The word float is used when a company seeks to raise money by offering its shares to the public for the first time. The company must first submit details of its business and the proposed share issue to the Australian Securities and Investment Commission (ASIC) in a document called a prospectus.
Once the prospectus is lodged with ASIC, it is then available to potential investors for consideration. If you wish to buy shares in a float, you must first review the prospectus, fill in the attached application form, specifying the number of shares you want to buy, and send it with your payment to the company or lodge it with your adviser.
Lodging and/or registering a prospectus with ASIC and listing on the ASX does not guarantee the company will be successful once share trading begins.
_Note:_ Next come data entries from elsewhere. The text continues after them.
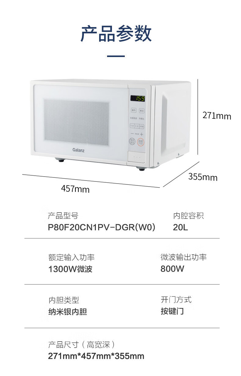 格兰仕Galanz微波炉变频800W蒸煮多功能一体20升DGR烤箱
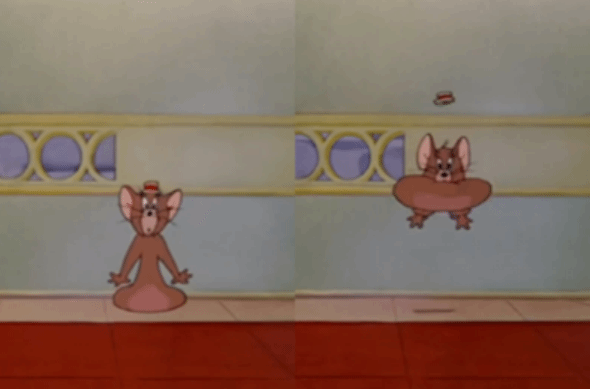 杰瑞在电梯里像气球一样被压扁又弹起,这正是他在经历超重和失重的表现。
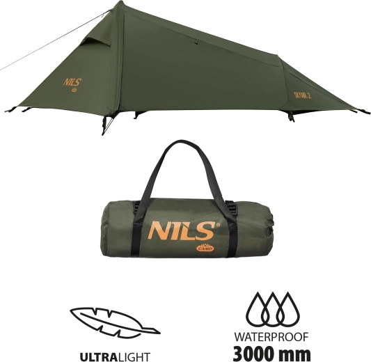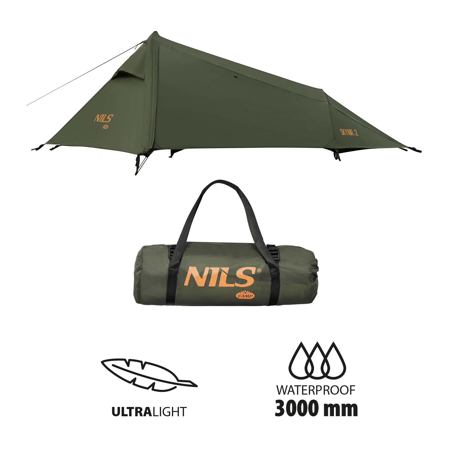 The ultralight two-person tent NILS Camp Skyair 2 is ideal for cycling trips, paddling adventures, and mountain hiking. It offers a minimal weight of 2.4 kg, compact packed dimensions, and reliable protection from rain and wind. Thanks to the flysheet with a 3000 mm water column, floor with 5000 mm, and no-see-um mosquito netting, it ensures a comfortable and restful sleep outdoors.

Among other things, a prospectus is required to contain all the information that investors and their professional advisers would reasonably require to make an informed assessment.
When assessing a prospectus it may be useful to answer the following questions:
• Who – who is involved? (stockbrokers, underwriters, management, board, others)
• What - what is on offer? (growth, income-yielding, tax-effective or speculative shares)
• When - when does the issue take place? (bull/bear market)
• Why - why are they raising funds? (expansion, retire debt, sell down, takeover)
• How - how to participate in the issue? (public pool, firm share, entitlement, demutualisation)
If there is a great deal of investor interest in a new float, you may be allocated fewer shares than the number you applied for or none at all. With some floats, the initial share price (issue price) is not set until just prior to the first day of trading. You should obtain independent advice from a licensed professional adviser prior to making any final decision.
Following the float the shares are now listed on the share market. From this point shares can only be bought and sold on market through a stockbroker.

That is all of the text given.